↓
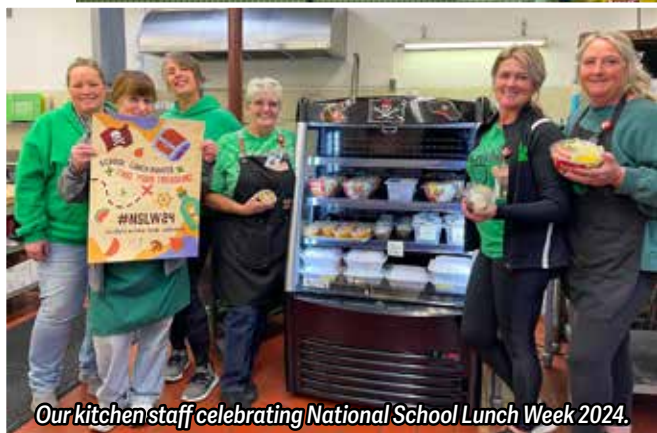
Our kitchen staff celebrating National School Lunch Week 2024.
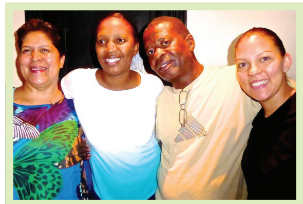
WorkQ® and LeadQ® unfold in Kiptown, an historic district of Soweto, as employees and leaders begin their engagement journey.
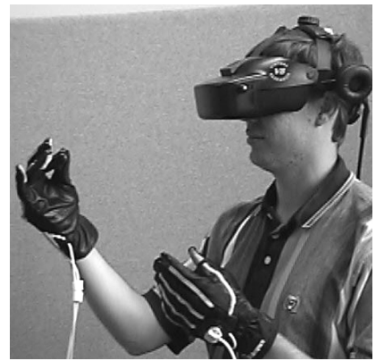
Figure 1. User wearing HMD and Pinch Gloves™

have improved, but may require system training, are susceptible to errors due to environmental sounds, and are cumbersome to use one letter at a time, which would be required for typing non-words such as filenames. "Virtual" or "soft" keyboards [6], such as those used on PDAs, can be implemented in an immersive VE using the "pen & tablet" metaphor [1]. A keyboard layout would be displayed on the surface of a virtual tablet (corresponding to a physical tablet) and selected with a virtual pen (corresponding to a physical pen). Such a technique requires the user to hold two devices, however, and does not take advantage of touch-typing skills.
↑
_Exercise brief:_ What you give back should be the full material above, retyped exactly, with every image removed.

_Problem solution:_
Our kitchen staff celebrating National School Lunch Week 2024.
WorkQ® and LeadQ® unfold in Kiptown, an historic district of Soweto, as employees and leaders begin their engagement journey.
Figure 1. User wearing HMD and Pinch Gloves™

have improved, but may require system training, are susceptible to errors due to environmental sounds, and are cumbersome to use one letter at a time, which would be required for typing non-words such as filenames. "Virtual" or "soft" keyboards [6], such as those used on PDAs, can be implemented in an immersive VE using the "pen & tablet" metaphor [1]. A keyboard layout would be displayed on the surface of a virtual tablet (corresponding to a physical tablet) and selected with a virtual pen (corresponding to a physical pen). Such a technique requires the user to hold two devices, however, and does not take advantage of touch-typing skills.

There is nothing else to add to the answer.